Басаев выслушивал командующих фронтами, стараясь угадать их сокровенные мысли, невысказанные слова. Знал их всех, управляя их характерами, страстями и самолюбиями. Сталкивал их и ссорил до такой степени, что они направляли друг на друга оружие. Мирил, вовлекая в кровавую борьбу с неприятелем, побуждая их силой, деньгами, личным мужеством, к которому они ревновали, которым восхищались.
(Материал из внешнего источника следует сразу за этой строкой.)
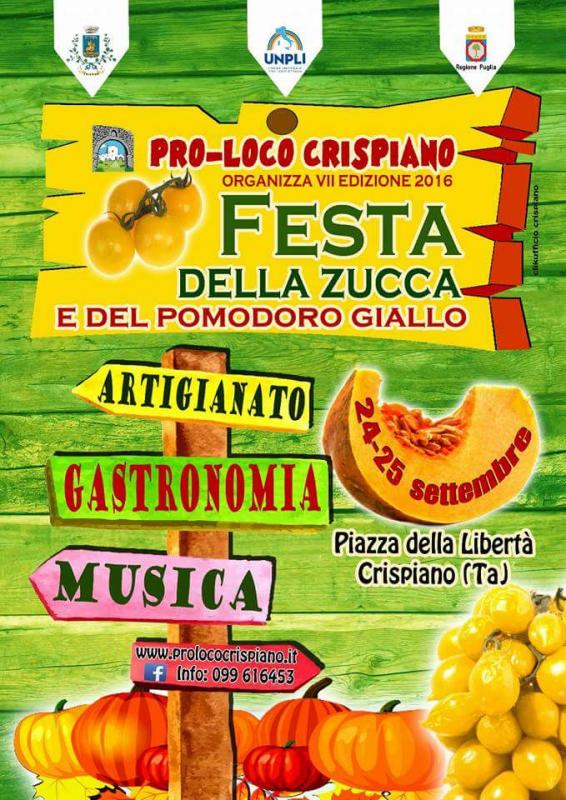 Pro-Loco Crispiano presenta l'edizione 2016 della Festa della zucca e del pomodoro giallo che si svolgerà il 24 e 25 settembre 2016.

Признавали его превосходство, подчиняясь его неколебимой жестокой воле, упрятанной, как в бурку, в медлительную речь, спокойные ленивые взгляды, неторопливые плавные жесты. Он знал, кто чего стоит в мирное и военное время. Кто может предать, польстившись на чины и на деньги. Кто, однажды поклявшись в дружбе, умрет за нее под пыткой. Ведал их тайные пороки и слабости, их связи с агентурой врага, счета в зарубежных банках, имена их жен и любовниц, хитросплетение родовых отношений. В эту зимнюю ночь, среди горящего города, сидя за поминальным столом, он всех их любил. Над каждым из них сквозь копоть и гарь пожарищ, в бездонной чудной лазури витал белоснежный город. И если здесь им суждено разлучиться, пасть от осколка и пули, то там, среди бирюзовых мечетей и золотых куполов, под сенью вечнозеленых деревьев, им уготована встреча. Они сядут за длинный стол в легких чистых одеждах, и Илияс, над чьей могилой горят две поминальные свечи, поставит перед ними глиняное блюдо с плодами.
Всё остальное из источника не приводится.